Professional Development – 2021 – Week 32

Image Credit: https://www.flickr.com/photos/54585499@N04/

Business

The Circular Business Model (via HBR)

Manufacturing physical goods presents a challenge of not having consumers through your product in a landfill. The circular model involves reclaiming the product — leasing it (so you always own it and can reclaim it later), extending its lifetime, and/or making it more easy for consumers to recycle it.

3 Strategies for Rolling Out New Tech Within Your Company (via HBR)

  • Start with the users; designing something high-level then forcing people to adopt it rarely goes well
  • Select the right early adopters; find people receptive to new ways of working
  • Mitigate the funding issue; locate ways to cover the costs and hours, or start small to make a proof point

Career

How to (Not) Plan a Career (via Software Lead Weekly)

Top-down is too fragile, and bottom-up is too aimless. Perhaps a meet-in-the-middle approach is best.

Culture

Fostering a Culture of Belonging in the Hybrid Workplace (via HBR)

  • “We can embrace the fact that we are all living in a gigantic experiment where technology and what we used to call a workplace no longer have any limitations. We can instead focus on human needs and wants to stay healthy, productive, creative, social, and inspired.”
  • “…hiring for culture add-on (ensuring that whoever joins adds something new to the team) rather than fit…”
  • “Diversity will initially slow you down, it will create misunderstandings, and when people come from different, inequitable backgrounds, you will have opinions and worlds colliding.”
  • “Those who are eager — and able — to return to the office will probably experience a sense of belonging, or perhaps it is their very sense of belonging that propels them to return to the office.”
  • “People are longing for the connective tissue and social glue we once took for granted.”

Don’t Lose the Democratizing Effect of Remote Work (via HBR)

There are risks of losing DEI ground if companies force people to come back to work. This is especially the case for the lower-wage positions, who often can’t afford the commute and struggle to deal with childcare.

Leadership

Encourage Your Employees to Give You Critical Feedback (via HBR)

  • You need a safe space (i.e., amnesty) for your direct reports to be off the record.
  • When you get negative feedback, you need to absorb it and take some kind of action.
  • Informal 360-reviews create an environment of trust

Process

The Problem with Prioritization Frameworks (via Software Lead Weekly)

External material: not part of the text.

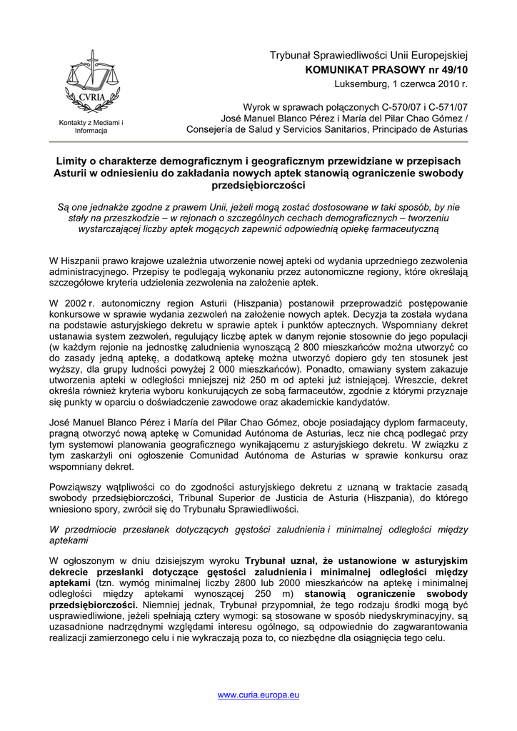 Trybunał Sprawiedliwości Unii Europejskiej KOMUNIKAT PRASOWY nr 49/10 Luksemburg, 1 czerwca 2010 r. Kontakty z Mediami i Informacja Wyrok w sprawach połączonych C-570/07 i C-571/07 José Manuel Blanco Pérez i María del Pilar Chao Gómez / Consejería de Salud y Servicios Sanitarios, Principado de Asturias Limity o charakterze demograficznym i geograficznym przewidziane w przepisach Asturii w odniesieniu do zakładania nowych aptek stanowią ograniczenie swobody przedsiębiorczości Są one jednakże zgodne z prawem Unii, jeżeli mogą zostać dostosowane w taki sposób, by nie stały na przeszkodzie – w rejonach o szczególnych cechach demograficznych – tworzeniu wystarczającej liczby aptek mogących zapewnić odpowiednią opiekę farmaceutyczną W Hiszpanii prawo krajowe uzależnia utworzenie nowej apteki od wydania uprzedniego zezwolenia administracyjnego. Przepisy te podlegają wykonaniu przez autonomiczne regiony, które określają szczegółowe kryteria udzielenia zezwolenia na założenie aptek. W 2002 r. autonomiczny region Asturii (Hiszpania) postanowił przeprowadzić postępowanie konkursowe w sprawie wydania zezwoleń na założenie nowych aptek. Decyzja ta została wydana na podstawie asturyjskiego dekretu w sprawie aptek i punktów aptecznych. Wspomniany dekret ustanawia system zezwoleń, regulujący liczbę aptek w danym rejonie stosownie do jego populacji (w każdym rejonie na jednostkę zaludnienia wynoszącą 2 800 mieszkańców można utworzyć co do zasady jedną aptekę, a dodatkową aptekę można utworzyć dopiero gdy ten stosunek jest wyższy, dla grupy ludności powyżej 2 000 mieszkańców). Ponadto, omawiany system zakazuje utworzenia apteki w odległości mniejszej niż 250 m od apteki już istniejącej. Wreszcie, dekret określa również kryteria wyboru konkurujących ze sobą farmaceutów, zgodnie z którymi przyznaje się punkty w oparciu o doświadczenie zawodowe oraz akademickie kandydatów. José Manuel Blanco Pérez i María del Pilar Chao Gómez, oboje posiadający dyplom farmaceuty, pragną otworzyć nową aptekę w Comunidad Autónoma de Asturias, lecz nie chcą podlegać przy tym systemowi planowania geograficznego wynikającemu z asturyjskiego dekretu. W związku z tym zaskarżyli oni ogłoszenie Comunidad Autónoma de Asturias w sprawie konkursu oraz wspomniany dekret. Powziąwszy wątpliwości co do zgodności asturyjskiego dekretu z uznaną w traktacie zasadą swobody przedsiębiorczości, Tribunal Superior de Justicia de Asturia (Hiszpania), do którego wniesiono spory, zwrócił się do Trybunału Sprawiedliwości. W przedmiocie przesłanek dotyczących gęstości zaludnienia i minimalnej odległości między aptekami W ogłoszonym w dniu dzisiejszym wyroku Trybunał uznał, że ustanowione w asturyjskim dekrecie przesłanki dotyczące gęstości zaludnienia i minimalnej odległości między aptekami (tzn. wymóg minimalnej liczby 2800 lub 2000 mieszkańców na aptekę i minimalnej odległości między aptekami wynoszącej 250 m) stanowią ograniczenie swobody przedsiębiorczości. Niemniej jednak, Trybunał przypomniał, że tego rodzaju środki mogą być usprawiedliwione, jeżeli spełniają cztery wymogi: są stosowane w sposób niedyskryminacyjny, są uzasadnione nadrzędnymi względami interesu ogólnego, są odpowiednie do zagwarantowania realizacji zamierzonego celu i nie wykraczają poza to, co niezbędne dla osiągnięcia tego celu. www.curia.europa.eu Trybunał stwierdził, po pierwsze, że przesłanki dotyczące gęstości zaludnienia i minimalnej odległości między aptekami w rejonie stosowane są z wyłączeniem dyskryminacji ze względu na przynależność państwową Po drugie, Trybunał doszedł do wniosku, że celem ograniczeń o charakterze demograficznym i geograficznym przewidzianych w asturyjskim dekrecie jest zapewnienie pewnego i należytej jakości zaopatrzenia ludności w produkty lecznicze. Co za tym idzie, cel ten stanowi nadrzędny wzgląd interesu ogólnego, który może uzasadniać przepisy, takie jak przepisy będące przedmiotem sporu przed sądem krajowym. Ponadto, Trybunał stwierdził, że przepisy asturyjskie są odpowiednie do zapewnienia osiągnięcia tego celu. Trybunał uznał bowiem, że nie można wykluczyć, iż w braku jakichkolwiek uregulowań farmaceuci skupiliby się w miejscowościach uważanych za atrakcyjne, tak że niektóre inne, mniej atrakcyjne miejscowości, ucierpiałyby z powodu zbyt małej liczby farmaceutów mogących zapewnić pewną i należytej jakości opiekę farmaceutyczną. Niemniej jednak, Trybunał dokonał analizy spójności asturyjskich przepisów w świetle celu polegającego na zapewnieniu pewnego i należytej jakości zaopatrzenia ludności w produkty lecznicze. W tym względzie Trybunał zauważył, że jednolite stosowanie narzuconych przez asturyjski dekret podstawowych wymogów – a mianowicie liczby 2800 mieszkańców i odległości 250 m między aptekami – grozi tym, że nie zapewni się odpowiedniego dostępu do opieki farmaceutycznej w rejonach posiadających określone szczególne cechy demograficzne. Z jednej strony bowiem, jednolite stosowanie przesłanki minimalnej liczby 2800 mieszkańców na niektórych obszarach wiejskich, w których ludność jest zazwyczaj rozproszona i mniej liczna może prowadzić do tego, że niektórzy zainteresowani mieszkańcy znajdą się poza rozsądnym zasięgiem lokalnym apteki i zostaną tym samym pozbawieni odpowiedniego dostępu do opieki farmaceutycznej. Z drugiej strony, w niektórych silnie zagęszczonych skupiskach ludności ścisłe stosowanie wymogu minimalnej odległości 250 m między aptekami może doprowadzić to sytuacji, w której przewidziany dla pojedynczej apteki rewir obejmowałby ponad 2 800 mieszkańców. Trybunał przypomniał przy tym, że asturyjski dekret wdraża przepisy krajowe. Tymczasem, Trybunał zwrócił uwagę, że przepisy krajowe przewidują określone środki dostosowawcze,

The author gets to the heart of the same problem I have with SAFe’s planning technique of story points and weighted shortest job first (WSJF). They’re logical and simple; however, they rely on several factors that have high variance (assuming they can be predicted at all). Instead, get the right people in the room and choose the top priorities and get alignment on those. Also, you will have to say no to things.